Razdolov's writings supported Macedonian separatism and liberation, being among the first in Bulgaria to publish such opinions publicly. He expressed positions that were pro-Socialist and pro-Macedonian independence. Razdolov authored 97 poems, which were published in twelve books and six short stories. He published his first book, Poems of the Apostles, in 1895 and in it, encouraged Macedonians to fight for Macedonia's freedom. In one of his poems dedicated to Ilyo Maleshevski, he named him as a great Macedonian hero. In 1896, he published another book titled "Unhappy Macedonia" and one of the more notable songs was called "To the Macedonians". Razdolov had anarchist views. He supported an armed struggle to achieve liberation of Macedonia from the Ottoman Empire and fending off any encroachments from neighboring countries. In 1914 after the Balkan Wars, Razdolov published his book "The future of the Balkan Peninsula" which emphasized that all roads led to the autonomy of Macedonia, to the triumph of the motto "Macedonia for the Macedonians", for everyone to have equal rights as a citizen and live a free life, the way he was born, and not the Serb to forcefully make him Serb, the Greek to make him Greek, the Bulgarian to make him Bulgarian, and the Vlach to make him Vlach.
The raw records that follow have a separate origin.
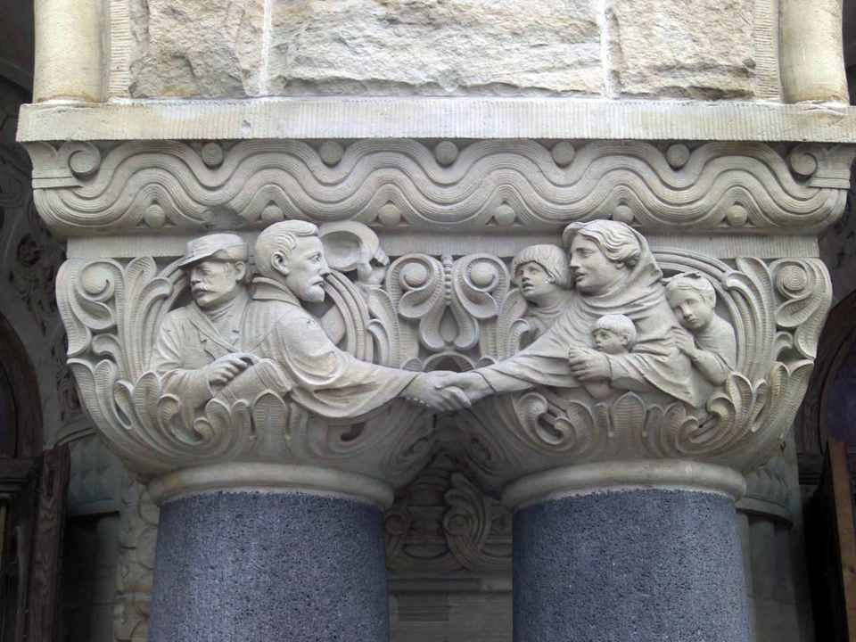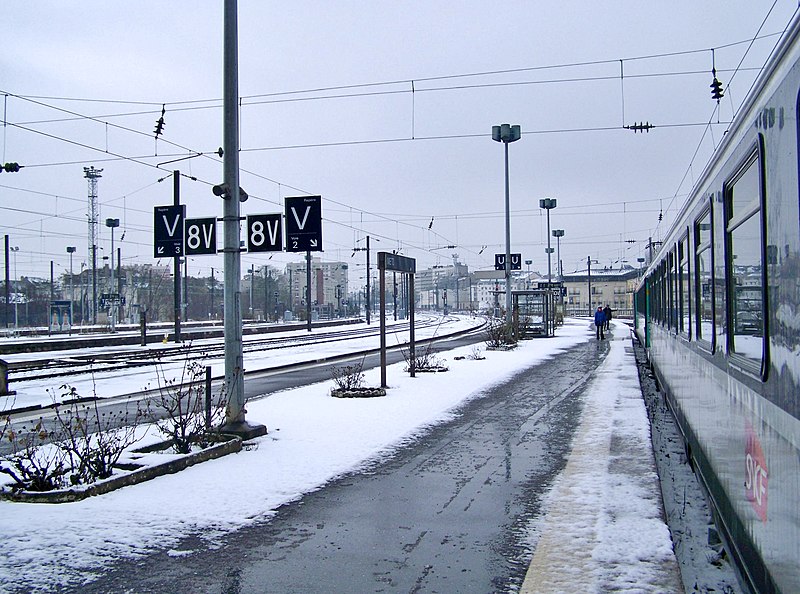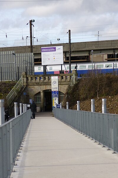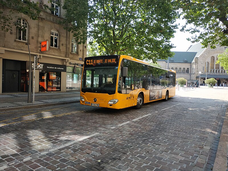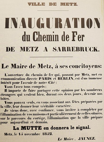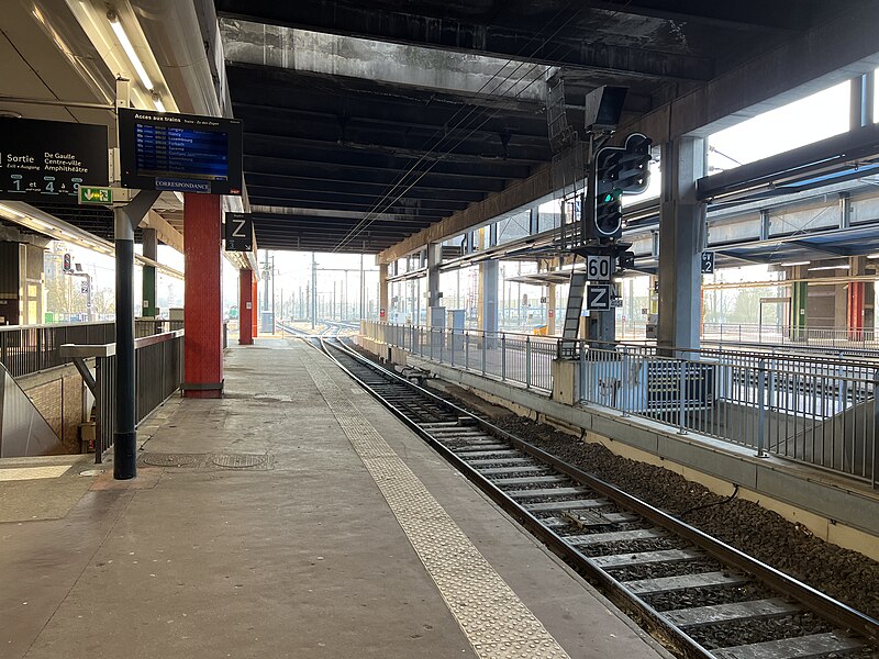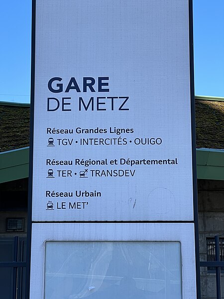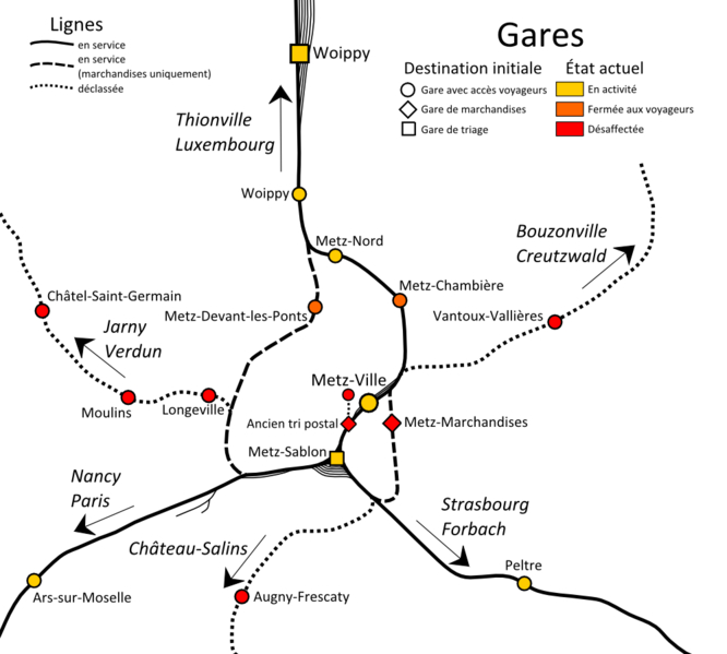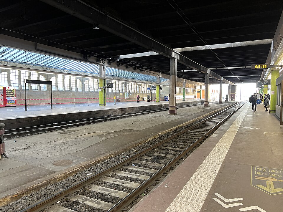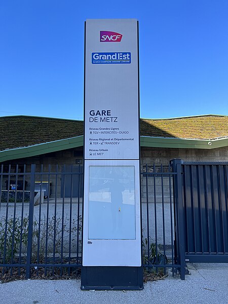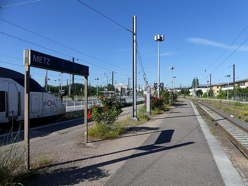 La gare de Metz-Ville, usuellement appelée gare de Metz, est une gare ferroviaire française située à proximité du centre-ville de Metz, préfecture de la Moselle en région Grand Est. Sa construction fut décidée par ordonnance impériale du 21 avril 1901 et confiée à un concours ouvert aux architectes allemands ; l'architecte berlinois Jürgen Kröger, assisté de Peter Jürgensen et Jürgen Bachmann, remporta le premier prix. La construction s'étendit de 1904 à 1908 et le bâtiment voyageurs, long de plus de 300 mètres avec une tour de l'horloge d'environ 40 mètres, fut inauguré en 1908 par la Direction générale impériale des chemins de fer d'Alsace-Lorraine. Établie sur les anciens fossés de la ville, la gare repose sur 3 034 pieux de fondation en béton armé de dix à dix-sept mètres, réalisés selon le procédé de François Hennebique, et le gros œuvre fut assuré par la Société de construction lorraine de Metz. Conçue dans un style romano-rhénan ou néo-roman rhénan voulu par l'Académie royale de Berlin et l'empereur, la gare mêle références religieuses et impériales dans sa volumétrie et son décor sculpté. Le décor sculpté et les vitraux évoquent des thèmes de puissance, de voyage et des références carolingiennes, tandis que certains éléments à connotation allemande furent modifiés ou supprimés après 1918. À l'origine deux halles métalliques, puis une troisième ajoutée après 1908, couvraient les quais ; ces marquises furent progressivement démantelées et remplacées par une dalle en béton armé aménagée en parc de stationnement dans les années 1970. La gare fut conçue pour répondre à des besoins militaires : terminus d'une ligne stratégique, elle comportait de nombreuses voies et des quais larges et surélevés destinés au chargement rapide de troupes et de matériel. La tour isolée jouait le rôle de château d'eau avec une capacité de 300 m3 pour alimenter les locomotives à vapeur. Classée au titre des monuments historiques depuis le 15 janvier 1975, la protection porte sur les façades et toitures (hors verrière), le salon d'honneur, le décor du buffet et le hall de départ. Construite en grès de Niderviller de couleur gris pâle, la gare contraste avec les pierres locales du centre-ville et s'inscrit dans le quartier impérial ou Neustadt, dont l'urbanisme constitue une composition novatrice. Le projet architectural lauréat, intitulé « Licht und Luft », initialement influencé par l'Art nouveau, fut adapté à la stylistique romane rhénane pour répondre aux attentes impériales tout en conservant une organisation fonctionnelle rigoureuse. Le buffet adjacent au salon d'honneur présente un décor riche de boiseries, frises peintes et bas-reliefs illustrant le voyage et la hiérarchie sociale des voyageurs, tandis que de nombreux détails sculptés et vitraux renforcent la portée symbolique de l'édifice. Après 1918 la gare changea d'exploitant : elle fut rattachée à l'administration des chemins de fer d'Alsace et de Lorraine, devint concession de la SNCF lors de sa création en 1938 et, durant la Seconde Guerre mondiale, fut gérée par la Deutsche Reichsbahn jusqu'à la Libération. Aujourd'hui exploitée par la SNCF, la gare accueille des TGV et des trains express régionaux et reste le centre d'un important complexe ferroviaire établi à 179 mètres d'altitude et point kilométrique de plusieurs lignes. Pour répondre à l'augmentation du trafic, notamment liée à l'arrivée du TGV, des travaux de modernisation et l'ouverture de nouveaux quais ont été menés entre 2002 et 2012, augmentant la cadence et la capacité d'accueil. Ce projet, soutenu financièrement par la région Lorraine, l'État et Réseau ferré de France, a renforcé les liaisons transfrontalières et la desserte du sillon lorrain. La gare dispose d'un bâtiment voyageurs avec guichets et automates, d'aménagements pour les personnes à mobilité réduite, de commerces et services dans le hall, ainsi que de passages souterrains et d'une passerelle permettant l'accès aux voies et aux quartiers voisins. Le passage Jürgen-Kröger relie la place du Général-de-Gaulle au quartier de l'Amphithéâtre et, après restauration, fut rouvert en 2012 ; le passage Adrienne-Thomas relie la rue La Fayette au pôle d'échange multimodal et une passerelle sud conduit au Centre Pompidou-Metz. La gare a suscité au fil du temps critiques et éloges : accueillie avec hostilité par certains au début du XXe siècle, elle a depuis reçu plusieurs distinctions publiques et figure dans la littérature et les arts. Des œuvres et statues contemporaines, notamment une œuvre de Stephan Balkenhol rendant hommage à Jean Moulin et une statue du général de Gaulle inaugurée en 2021, complètent aujourd'hui le parvis et le patrimoine symbolique de la gare. La gare accueille par ailleurs un service fret et conserve une place importante dans les réseaux régionaux et internationaux desservis par TGV, TER et autres liaisons.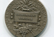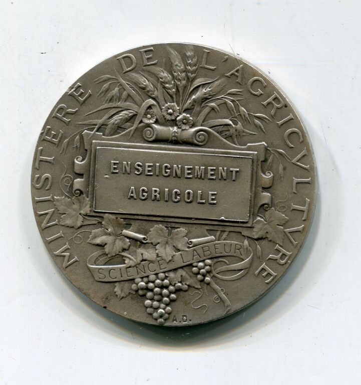 ARGENT - ENSEIGNEMENT AGRICOLE - médaille classe argent en argent 1er titre 950 millièmes - "République Française", le science debout tête laurée, la main droite posée sur un livre, pose la main droite sur l'épaule d'un agricultrice avec gerbe de blé sur l'épaule ; au fond semeur ; œuvre signée Alphée DUBOIS - Revers : " Ministère de l'Agriculture ", écu sur gerbe de blé, feuilles de vigne et grappes de raisin nouées par un ruban légendé "Science - Labeur "- sur la tranche poinçons argent 1 et corne- 40 mm - 36,88 grammes - TTB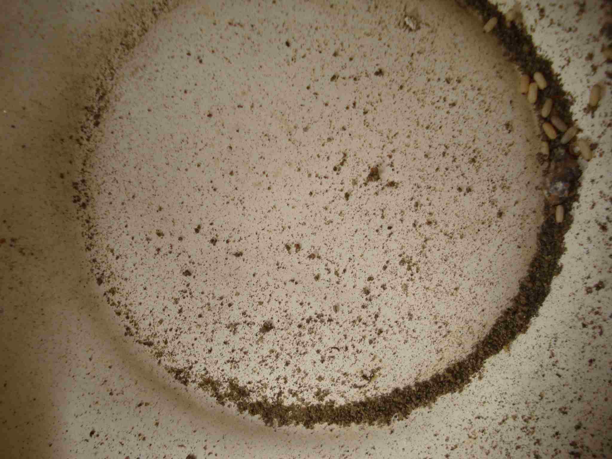 gestern habe ich mich den ganzen Tag mit der Nestsuche beschäftigt. Meine Freundin ist dann im Garten fündig geworden. Vermutlich ist es nur irgendein Nest, dass nichts mit dem im Haus zu tun hat. Allerdings war es wirklich spannend zu beobachten wie die Ameisen versuchen ihre Larven zu schützen. Direkt nach Entdeckung ging es auf Reisen

According to some of his contemporaries in Bulgaria, Razdolov was a controversial person. Mihail Dumbalakov claimed he was a famous person, but insane cynic. Per Evtim Sprostranov, Razdolov was a half-mad and drunkard who was engaged in financial blackmail. Petar Karchev wrote about Razdolov that a poetry could not be sought in his poems, however there was hidden the deep bitterness of an honest but failed revolutionary. The patriarch of Bulgarian literature, Ivan Vazov, met him during a scandal in public transport in Sofia. Razdolov travelled without a ticket and Vazov paid for it for him, while Razdolov curiously offered to sell him the copyright of his unpublished book. Per Dimo Kazasov, he was an undistinguished and poorly dressed man who made a living by writing illiterate and thoughtless patriotic poems. According to assessments of his personality from Bulgarian historians, he was a Bulgarian revolutionary who later switched to far left-wing political positions and accepted the ideas of Macedonism after the Balkan Wars.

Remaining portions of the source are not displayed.